When I wrote ‘Between Keyamo and Ribadu’ criticising Festus Keyamo for condemning the withdrawal of the charges against Ribadu, a reader queried: “Could you respond in two or three sentences, in simple English why Keyamo is wrong and Jonathan is right to do what he has done, regarding the cessation of due process with Ribadu”?
The simple answer is this: (a) Keyamo, as a lawyer, should know that a prosecutor has the discretion to withdraw any case if emerging facts indicate that justice would be perverted with continued prosecution.

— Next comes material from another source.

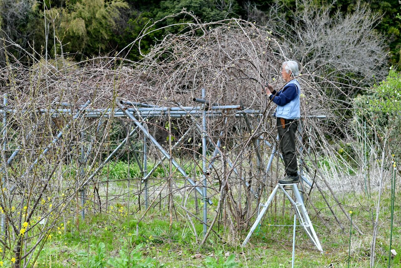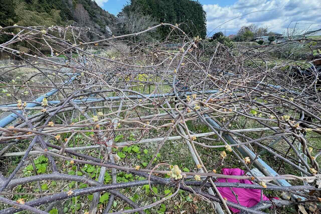 梅の古木があるの女性陣の畑のキウイの棚です。

(b) The filing of the case in the first place violated due process; withdrawing it corrected that violation.
The constitution of the Federal Republic of Nigeria vested in the AGF the power of nolle prosequi to discontinue any criminal prosecution at any stage of the case. It is therefore within the prerogative of AGF under the constitution to decide the cases he wants to prosecute. The prosecuting counsel in that case had said that the former Attorney-General of the Federation, Prince Adetokunbo Kayode (SAN), reviewed the cases on ground and directed that this case should be withdrawn.
Evidently, the case was withdrawn because it should never have been filed in the first place — Ribadu did declare his assets; his lawyer had made the Tribunal aware of it and the former Attorney General, upon reviewing the case, seemed to have verified and agreed with the lawyer, hence the office of the AG, not Jonathan, ordered the withdrawal of the case.
Hence in my article I wrote: Attorneys General are only expected to prosecute matters that are in the public interest. Public resources should not be wasted on a shameless with-hunt.
The prosecution process is usually enlivened by a suspicion, an allegation or a confession. Not everyone, however, will result in a prosecution.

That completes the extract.